Вот, например, что пишет о влиянии климатических условий на характер россиянина русский историк Василий Ключевский: «В одном уверен великоросс, что надобно дорожить ясным летним днем, что природа отпускает ему мало удобного времени для земледельческого труда и что короткое великорусское лето умеет еще укорачиваться безвременным ненадежным ненастьем. Это заставляет великорусского крестьянина спешить, усиленно работать, чтобы сделать много в короткое время и впору убраться с поля, а затем оставаться без дела осень и зиму.

Так великоросс приучился к чрезмерному кратковременному напряжению своих сил, привык работать скоро. Лихорадочно и споро, а потом отдыхать в протяжении вынужденного осеннего и зимнего безделья.

Ни один народ в Европе не способен к такому напряжению труда на короткое время, какое может развить великоросс».

А вот свидетельство Джиласа Флетчера, английского посла в России с 1588 по 1589 годы. Великороссы «в большинстве своем вялы и недеятельны, что, как можно полагать, происходит частично от климата и сонливости, возбуждаемой зимним холодом, частью же от пищи, которая состоит преимущественно из кореньев, лука, чеснока, капусты.

У них хорошие умственные способности, однако нет тех средств, какие есть у других народов для развития их дарований воспитанием и наукой».

О воспитании, науке, образовании, обмене опытом и межчеловеческих отношениях чуть позже. А сейчас о влиянии климата на русский характер. Опять Ключевский:

«Невозможность рассчитать наперед, заранее сообщать план действий и идти прямо к намеченной цели заметно отразилась на складе ума великоросса, на манере его мышления.

Житейские неровности и случайности приучили его больше обсуждать пройденный путь, чем соображать дальнейший; более оглядываться назад, чем заглядывать вперед. В борьбе с неожиданными метелями и оттепелями, с неопределенными августовскими морозами и январской слякотью он стал больше осмотрителен, чем предупредителен, выучился больше замечать следствия, чем цели, воспитал в себе уменье подводить итоги, а не составлять сметы.

Это умение и есть то, что мы называем задним умом. Но задний ум не то же, что задняя мысль. Своей привычкой колебаться и лавировать между неровностями пути и случайностями жизни великоросс часто производит впечатление непрямоты, неискренности. Великоросс часто думает надвое, и это кажется двоедушием.

Он всегда идет к прямой цели, хотя часто и недостаточно обдуманной, но идет, оглядываясь по сторонам, и поэтому походка его кажется уклончивой и колеблющейся. „Ведь лбом стены не прошибешь, и только вороны летают прямо“, – говорит пословица. Природа и судьба вели великоросса так, что приучили его ходить окольными путями. Великоросс мыслит и действует, как ходит».

Понятно теперь, откуда происходит нерешительность, осторожность, а скорее опасливость или боязливость, подозрительность наших современников. А еще все эти черты русского человека усугубил целый ряд ставших генетическими признаков, доставшихся современникам от наших предков.

Феодальное, самодержавно-крепостническое прошлое России, рабский образ жизни ее населения запечатлелись навечно в генетическом коде, а, следовательно, и в психологическом складе русского, а затем и советского человека:

«В русском характере было мало искренности; дружба ценилась по выгодам; задушевные друзья расходились, коль не обязывала их взаимная польза, и часто задняя мысль таилась за изменениями дружественного расположения и радушным гостеприимством. Довольно было любимцу государя приобрести царскую немилость, чтобы все друзья и приятели, прежде низко кланявшиеся ему, не только прекратили с ним знакомство, но не хотели с ним говорить и даже причиняли ему оскорбления…
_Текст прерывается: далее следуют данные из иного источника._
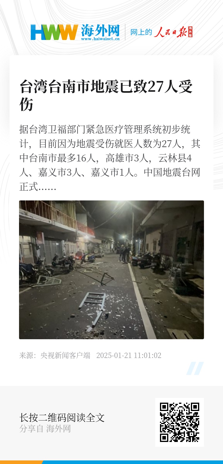 中国地震台网正式测定,1月21日0时17分,台湾台南市发生6.2级地震,震源深度14公里。
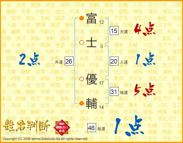生活面を象徴する運勢です。外部から受ける影響力を表し、結婚運、家庭運や職場、環境への順応性を表します。総運から人運を引いた画数。姓や名が1文字の場合を除く。
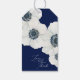 Nautical Boutique Co.'s minimalistische marineblau-weiße Liebe und Dank Gastgeschenk Hochzeit Tags Design verfügt über ein nautisches Seil in einem unendlichen Knoten und moderne fließende handgezeichnete Typografie. Das minimalistische Design ist Set auf einem knalligen, weißen Hintergrund. Die Rückseite des Hotels ist mit blauen, wasserfarbenen Anemonenblumen und Set auf dunkelmarineblau-blauem Hintergrund gestaltet. #Nautical #Wedding #Favorits

…В общении – смесь византийской напыщенности с татарской грубостью; в разговорах – церемонность и крайняя осторожность.

Невинное слово принимается слишком серьезно и порождает тяжбы, ссоры, неприличную брань. К XII веку все больше и во всех сословиях начинают мстить в форме доносов. Поданная на кого-то ябеда втягивает его в судебную тяжбу. Провоцируют ссоры, чтобы составить челобитную о драке, грабеже и обиде.

Наемные ябедники и доносчики предлагают свои услуги за деньги. Их преследуют и клеймят позором, однако власти всячески покровительствуют доносам там, где затрагиваются их интересы или идет речь о чьем-то уклонении от службы.
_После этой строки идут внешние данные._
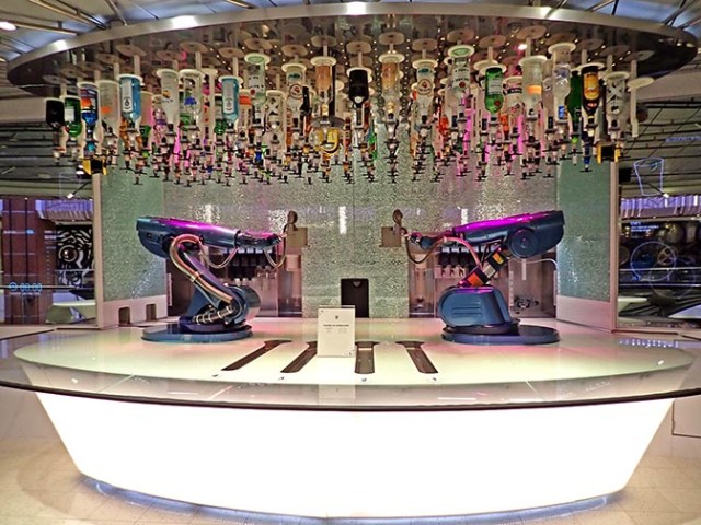 Like all cruise ships, Quantum has lots of bars. It’s always fun to watch the robots at Royal’s Bionic Bar even if you don’t buy anything. The solarium bar is pretty handy for people lounging there. (As are all the other bars for people in other areas of the ship.)
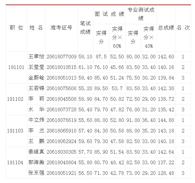 考試總成績=筆試成績+面試成績×60%+專業知識測試成績×40%。

Какая уж тут дружба между служилыми людьми, если в любой момент могут обвинить в нерасположении к царю, подвергнуть пыткам и заставить наговорить на себя, даже если невиновен.

На свадьбах, похоронах и пирах, в церкви и в кабаке – повсюду были шпионы государевы. Доносительство становится профессией и чертой характера».
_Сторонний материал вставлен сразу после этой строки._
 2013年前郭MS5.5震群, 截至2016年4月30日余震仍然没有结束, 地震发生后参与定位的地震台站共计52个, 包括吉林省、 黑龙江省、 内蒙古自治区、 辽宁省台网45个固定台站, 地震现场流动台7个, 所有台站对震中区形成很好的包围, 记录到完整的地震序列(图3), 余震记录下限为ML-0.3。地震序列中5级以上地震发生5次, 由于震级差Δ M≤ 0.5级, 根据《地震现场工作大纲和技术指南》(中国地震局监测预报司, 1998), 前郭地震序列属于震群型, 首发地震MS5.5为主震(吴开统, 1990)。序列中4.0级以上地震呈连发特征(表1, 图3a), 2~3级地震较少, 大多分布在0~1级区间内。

И хотя эти наблюдения русского историка Николая Костомарова (1817–1885) относятся к почти тысячелетнему прошлому нашей страны, до чего же злободневно они звучат в веке XX, да и в недавно начавшемся третьем тысячелетии.

Страшным катком по Руси прокатилось трехсотлетнее татарское иго. С появлением татар во многом изменились условия жизни, заставившие сплотиться удельные княжества для выживания, но, как ни странно, почти не изменились черты народного характера. Все мы знаем даже из советских учебников о диких набегах кочевников, о выплате русскими князьями огромной дани (ясак), о безжалостном угоне в неволю пленников – женщин и девушек. Сознание постоянной опасности довело до высшей степени свойственную русским людям недоверчивость и опасливость.

«Нравственное начало, несомненно, падало, – пишет Николай Карамзин. – Мы научились жутким хитростям рабства, заменяющим силу в слабых. Обманывая татар, еще более обманывали друг друга. Откупаясь деньгами от насилия варваров, сами стали корыстолюбивее и бесчувственнее к обидам, к стыду».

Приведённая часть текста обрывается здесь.